“Blanche’s—”
“Hurrah for Blanche! Well done, white Mayflower, there!” said the doctor, “that is what I meant. See the applause gained by a proud bubble that flies! Don’t we all bow down to it, and waft it up with the whole force of our lungs, air as it is; and when it fairly goes out of sight, is there any exhilaration or applause that surpasses ours?”
“The whole world being bent on making painted bubbles fly over the house,” said Norman, far more thoughtfully than his father. “It is a fair pattern of life and fame.”
“I was thinking,” continued Dr.
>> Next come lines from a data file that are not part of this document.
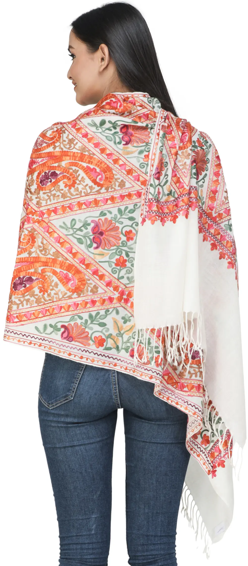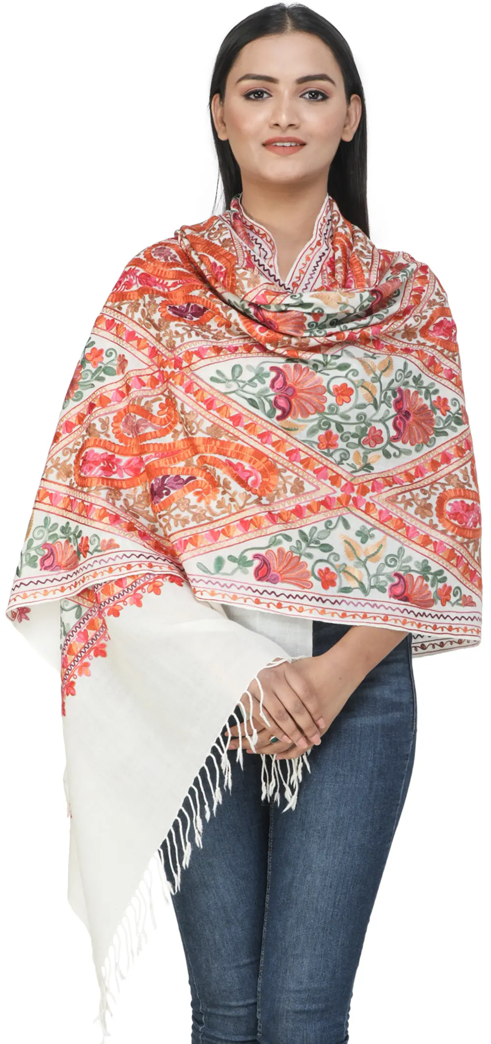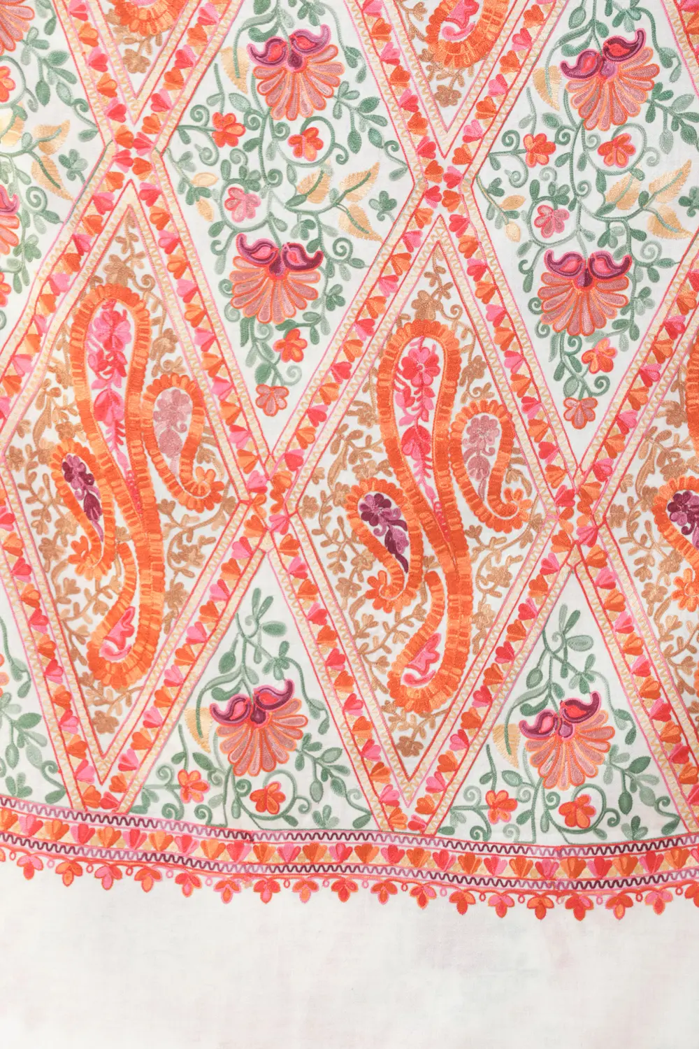 Kashmiri artisans have lent their expertise to this exquisite stole. The intricate Aari-embroidered paisleys and flowers sprawl across the fabric in vivid, multicolored threads. This design has been passed down through generations. Its timeless elegance and unparalleled artistry have been adapted to fit today's fashion landscape. This stole encapsulates the rich cultural tapestry of Kashmir, making it a valuable piece that combines heritage with contemporary style.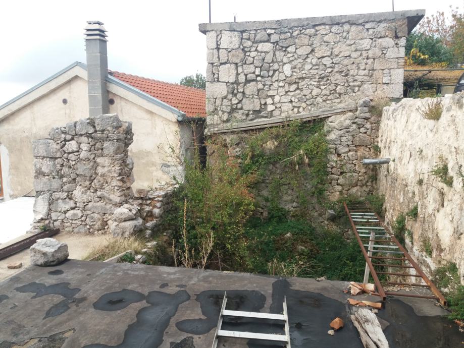 Na zasebnoj čestici unutar zatvorenog prostora nalazi se ruševina stare kamene kuće upisana u katastar, s očuvanom autentičnom voltanom konobom (otprilike upola manjom od konobe novije kuće). Na konobi je izvedena betonska deka radi stabilnosti objekta. Sačuvani su kameni zidovi, izvorno stepenište koje vodi na kat, kamene volte koje formiraju terasu ispred kuće te na katu vidljiv stari veliki dimnjak, što pruža izniman potencijal uređenja u tradicionalnom mediteranskom stilu.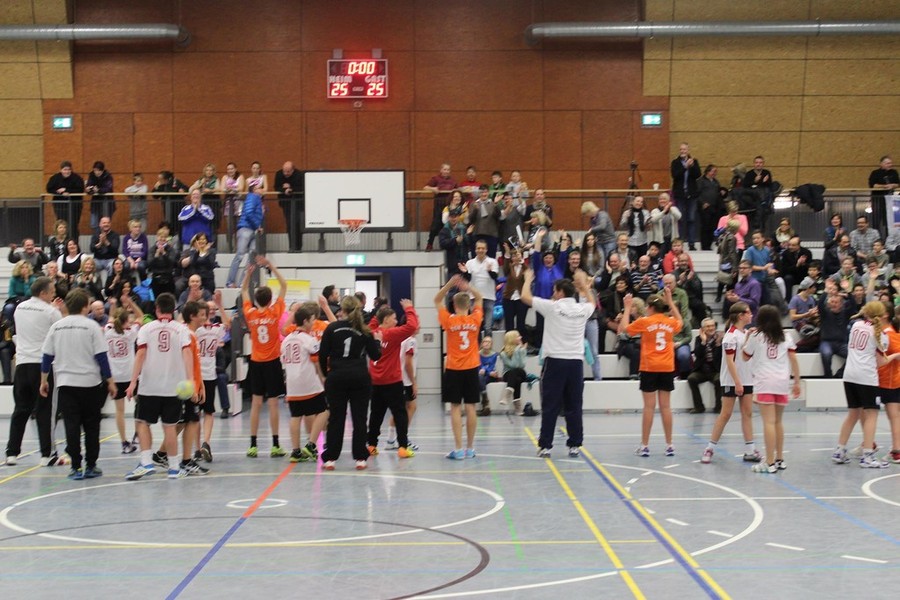 Carl-von-Weinberg-Schule aus Frankfurt. Durch starke Abwehrleistung und sehr schönen Kombinationsspiel im Angriff konnte diese Spiel überzeugend für die Singbergschule entschieden werden. Die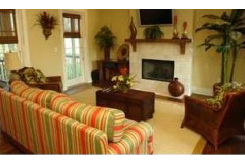 This house has large front porch. Living area has hardwood floors with fireplace, plasma tv, sleeper sofa and screened patio. Dining area can seat ten people. Kitchen has stainless appliances with granite countertops.Queen bedroom, tv, with bath. The second floor has a huge king master bedroom with fireplace, 32" plasma tv,large bath and private screened patio. Queen bedroom with bath, 20 " tv. Tray ceilings throughout. Also laundry room.Surrounding Description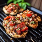 - Top with Bruschetta: Spoon a generous amount of the prepared bruschetta topping over each grilled chicken breast.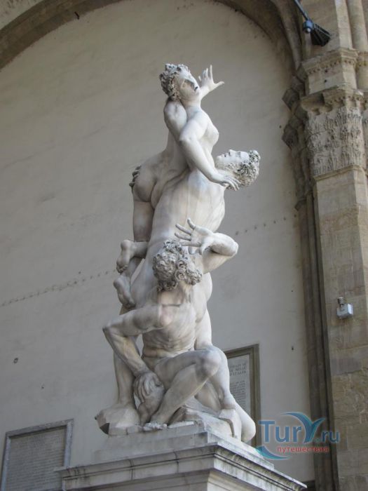 В центре площади находится Фонтан Нептуна и конная статуя Козимо I Медичи. Здесь Вы можете полюбоваться такими скульптурами, как «Персей» - творение рук Челлини и, конечно же, безупречным Давидом, создателем которого является Микеланжело. Правда, на площади поставили копию скульптуры, а саму ее поместили в музей. Окружают площадь здания постройки XIV-XVI веков, такие как, например, Торговый Суд и Палаццо Угуччони.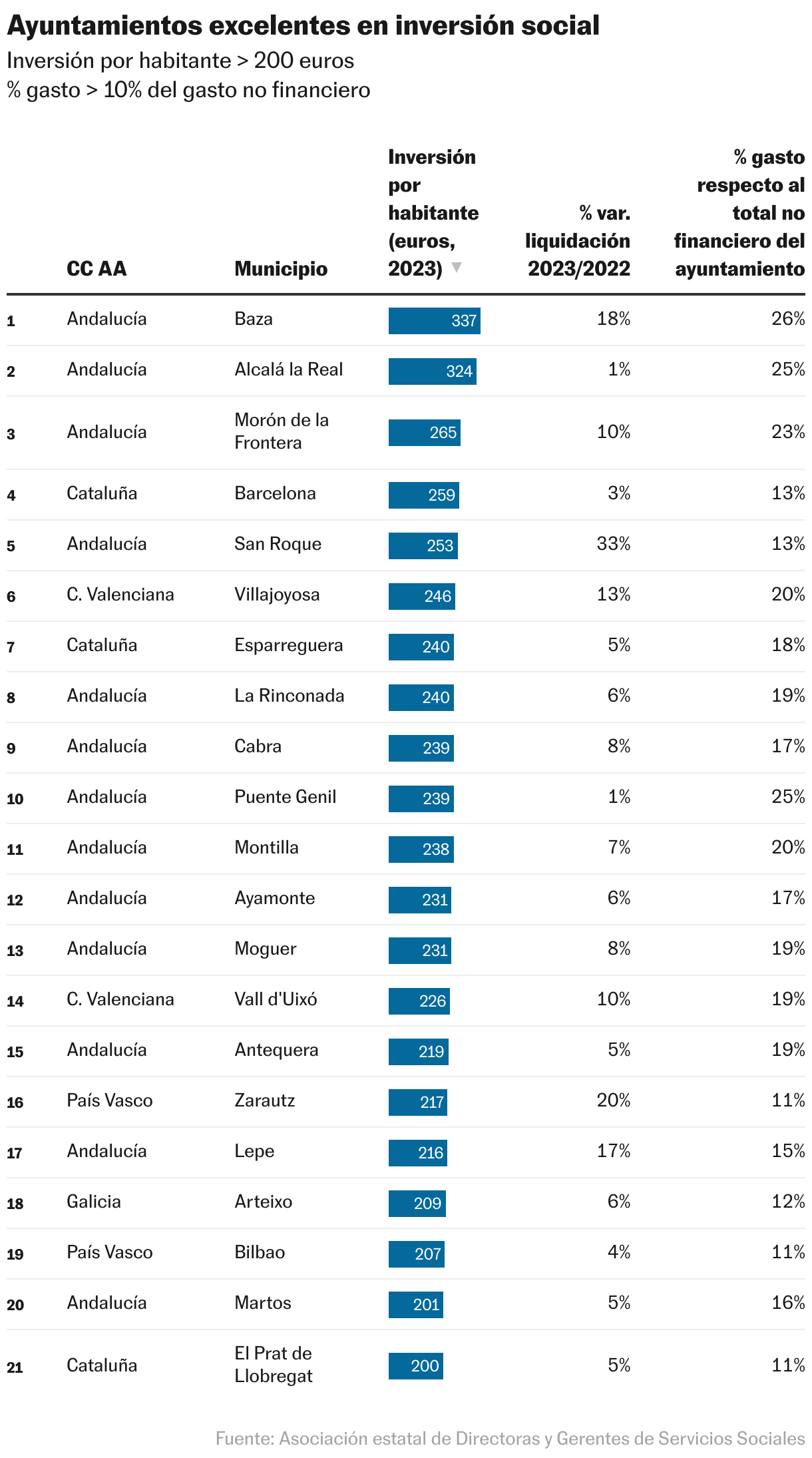 “El esfuerzo inversor realizado por los ayuntamientos incluye lógicamente las transferencias que reciben de sus respectivas comunidades autónomas, por lo que, en buena medida, también han de sentirse responsables de los resultados obtenidos por los municipios de su territorio”, explica la Asociación Estatal de Directoras y Gerentes de Servicios Sociales.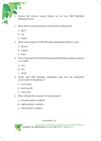 b. Choose the correct answer based on the text ‘SMP Merdeka

May, “what was the most unalloyed exultation I remember.”
“Harry’s, when you were made dux,” whispered Ethel to her brother.
“Not mine,” said Norman briefly.
“I believe,” said Dr. May, “I never knew such glorification as when Aubrey Spencer climbed the poor old market-cross. We all felt ourselves made illustrious for ever in his person.”
“Nay, papa, when you got that gold medal must have been the grandest time?” said Blanche, who had been listening.
Dr. May laughed, and patted her. “I, Blanche? Why, I was excessively amazed, that is all, not in Norman’s way, but I had been doing next to nothing to the very last, then fell into an agony, and worked like a horse, thinking myself sure of failure, and that my mother and my uncle would break their hearts.”
“But when you heard that you had it?” persisted Blanche.